Promoting independence was a part of the ethos of the service and people were supported by staff to maintain their independence.

People were supported to maintain their health and well-being and had access to healthcare professionals such as GP's when required. People were supported to eat and drink enough to maintain a balanced diet. Refreshments were available to people throughout the day

People and their representatives were involved in their care to enable them to receive support in their preferred way. People were supported to access local community facilities to enhance their well-being.

The provider’s complaints policy and procedure was accessible to people who used the service and their representatives. Peoples representatives knew how to make a complaint.

Lessons were learnt when things went wrong. Relatives and staff felt they could approach the registered manager if they had any concerns.

For more details, please see the full report which is on the CQC website at www.cqc.org.uk

Rating at last inspection

The last rating for this service was good (published 27 October 2016).

Why we inspected

This was a planned inspection based on the previous rating.

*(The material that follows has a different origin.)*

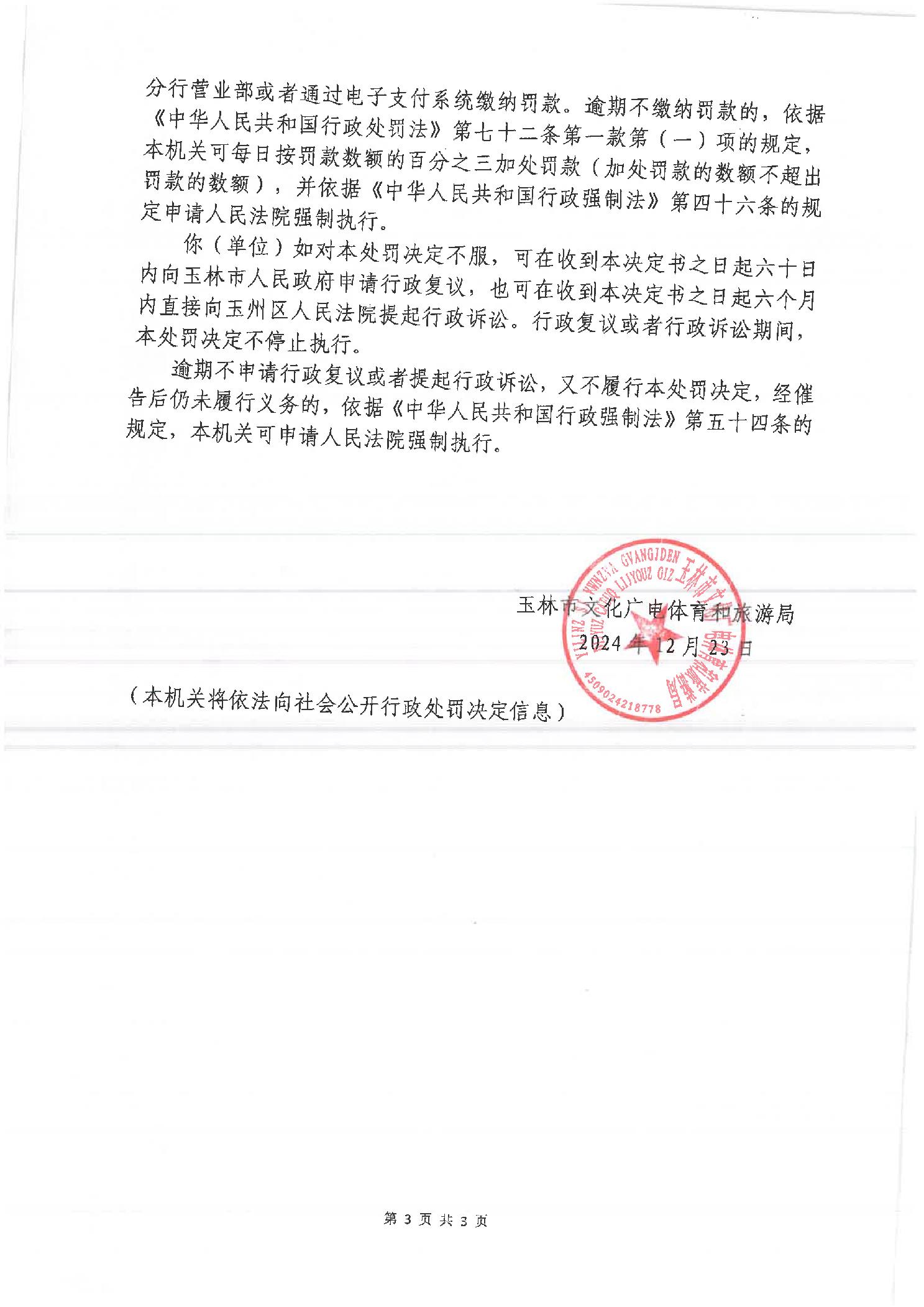 行政处罚决定书(玉)文综罚字〔2024〕18号

The overall rating for the service has changed from Good to Requires Improvement. This is based on the findings at this inspection. We have found evidence that the provider needs to make improvements. Please see the Safe and Effective sections of this full report.

Enforcement

At this inspection we found a breach of Regulation 12 (Safe care and treatment) of the Health and Social Care Act 2008 (Regulated Activities) Regulations 2014.You can see what action we have asked the provider to take at the end of this full report.

Follow up

We will request an action plan for the provider to understand what they will do to improve the standards of quality and safety. We will work alongside the provider and local authority to monitor progress. We will return to visit as per our re-inspection programme. If we receive any concerning information we may inspect sooner.